I'm (U.S. citizen) planning to move with my Canadian fiancee to Toronto soon and my employer has agreed to allow me to work remotely for my U.S. branch out of the their Toronto office. I'll continue to be paid by the U.S. branch and work on U.S. work, but just reside in the Toronto space.

My work hasn't been very helpful in figuring out what visa I need and how I should go about this. 

I consulted with Campbell and Cohen to try to figure out what I need to do. 

Do you think it's worth the $2k to have them help me? Or should I continue trying to figure it out on my own?


----------



## Auld Yin (Mar 10, 2009)

You should look at an inter-company transfer.


----------



## thinkering (Apr 24, 2013)

crawf307 said:


> I'll continue to be paid by the U.S. branch and work on U.S. work, but just reside in the Toronto space.
> 
> My work hasn't been very helpful in figuring out what visa I need and how I should go about this.


What type of work/what is your job title?


----------



## EVHB (Feb 11, 2008)

There are 2 options:
- relocation through your current employer. 
- becoming a permanent resident through your marriage

How much time a year would you spend abroad (not in Canada)?


----------



## crawf307 (May 18, 2013)

thinkering said:


> What type of work/what is your job title?


I work in public relations and my title is Senior Account Executive, which is a mid-level position.


----------



## crawf307 (May 18, 2013)

EVHB said:


> There are 2 options:
> - relocation through your current employer.
> - becoming a permanent resident through your marriage
> 
> How much time a year would you spend abroad (not in Canada)?

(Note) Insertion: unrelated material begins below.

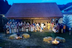 Adergas – Kulturno-umetniško društvo Pod lipo Adergas je v sodelovanju z Občino Cerklje na Gorenjskem ob zadnjem božiču (25. in 26. decembra) drugič pripravilo božično zgodbo z živimi jaslicami na samostanskem vrtu v Adergasu. Predstavo je soustvarilo več kot petdeset članov društva, ogledalo pa si jo je več kot tisoč ljudi. »Več let je tlela želja, da bi bile v Adergasu žive jaslice. S prisotnostjo živali smo še povzdignili lepoto bogatega izročila izpred dva tisoč let,« je povedala Angelca Maček, ki je pripovedovala božično zgodbo. »Če nam je s to božično zgodbo uspelo v slehernem ali v večjem delu prisotnih prižgati majhno iskrico božje ljubezni, potem je naše poslanstvo doseglo svoj namen,« je poudarila.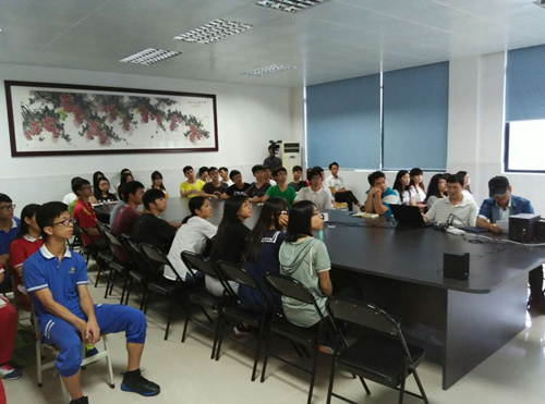 卢导介绍了惠州今视传媒有限公司的发展历程,播放了由公司拍摄的音乐MV、微电影、宣传片等作品。他耐心地为学生讲解影视制作前期工作的相关专业知识,让同学们对影视制作流程有了初步了解。随后系里播放了由影视专业学生团队拍摄的微电影作品《青春》,影片的清新风格和独特角度得到卢导的大加赞赏。在互动问答的过程中,卢导也鼓励学生勇于创作,不断进步。他表示今后期待与我校共同合作,支持并欢迎学生到公司参观学习,建立校企对接的办学模式。

Yea we were sort of figuring that the permanent resident would be our longer term solution, but we don't really want to rush to get married in the next few days 

I wasn't planning to spend a significant amount of time outside of Canada every year - maybe a few weeks with holiday travel and work travel.


----------



## EVHB (Feb 11, 2008)

That's good, because you loose your permanent resident status if you spend a significant amount of time outside Canada if you work for a not-Canadian company.


----------